Benedita Ferreira, técnica do Programa de Negócios Sociais do ICV, comenta que o tempo compartilhado entre as mulheres serve também como espécie de preenchimento para quem vive em uma área afastada, sem variedade nas opções de lazer. “É um espaço para falar da vida, para contar das dificuldades. O grupo é também uma familiaridade que se encontra”.

A assessora afirma também que o protagonismo das mulheres nas atividades também reforça a autoestima das envolvidas.

“Elas mesmo se organizarem é diferenciado. É tecer os retalhos, se organizar, rasgar o que tá podre e costurar com outras cores e tecidos. É por elas e para elas, e elas também se tornam referências dentro do assentamento”, diz.
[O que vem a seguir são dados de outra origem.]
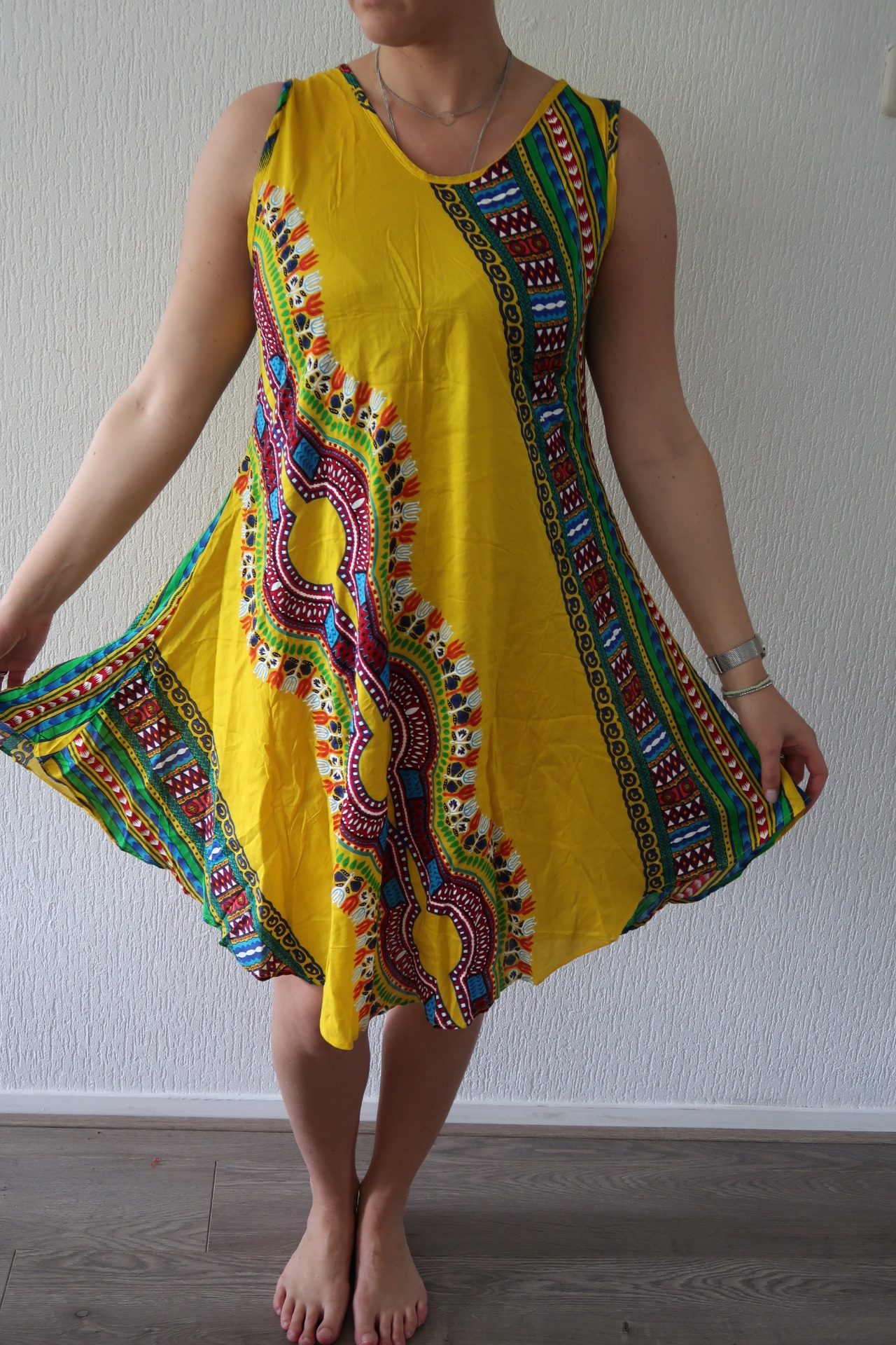 Luchtige zomerse jurk in Afrikaans design. De jurk is handgemaakt in Kenia.

A persistência e esperança depositadas na união se somaram ao prazer descoberto nos encontros e tornaram realidade a construção de uma nova cozinha para as mulheres do grupo.
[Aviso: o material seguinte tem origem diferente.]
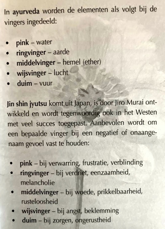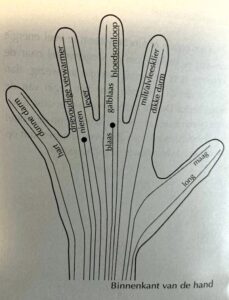 Op de foto’s kun je lezen waar de pink,(water) ringvinger,(aarde) middelvinger, ( hemel, ether), wijsvinger (lucht), en duim, (Vuur) voor staan. En de andere foto, waar de organen zich bevinden in je hand, vingers.

Com apoio do ICV, o grupo também recebeu estufas de secagem para o babaçu, equipamentos para embalagens e seladoras para padronização dos doces, os mais diversos.

“Doce de leite puro, doce duro, com cacau, fazemos do jeito que pedirem. Também mexo com babaçu, eu já tirava lá [em Rondônia] mas aprender mesmo, aprendi aqui”, cita Leidi.

Para Jessé Lopes Carvalho, técnico do ICV e responsável pela cadeia do cacau no projeto Redes Socioprodutivas, a receptividade aos métodos de produção orgânicos das mulheres ativas do grupo é um diferencial que pode agregar valor ao produto comercializado, além de simbolizar aumento na saúde familiar e comunitária. “Muitas vezes, apenas o que falta é o conhecimento do manejo e a disponibilidade de tempo”, comenta.

O grupo das mulheres também foi um dos beneficiados pelo projeto Cotriguaçu Sempre Verde, que visou a nova trajetória de desenvolvimento municipal pautada na construção de soluções sustentáveis de produção e governança socioambiental.

Um dos diferenciais do grupo apontado pelo técnico é a inclusão de grande número das famílias do assentamento em seus projetos, de quem demandam matéria prima para confecção dos doces e incentivam, assim, o desenvolvimento da comunidade inteira.

Apesar dos desafios ainda impostos para alcançar novos mercados, como organização da gestão do grupo, os resultados das mulheres até agora foram determinantes para Leidi afirmar que não troca “por lugar nenhum no mundo” a chácara onde mora.

“Eu fui criada no sítio e meu negócio é tá mexendo com a terra. Quando a gente vai para cidade, pessoal olha parece que a gente é bicho [risos]. Não gosto de ficar na cidade não. Aqui é todo mundo amigo, os vizinhos chegam e você recebe, a gente conversa, é tranquilo, me sinto bem”, diz. Gosto compartilhado pelo filho de 27 anos, que chegou a morar na cidade, mas voltou para a chácara, onde hoje, com o apoio dos pais, constrói uma casa.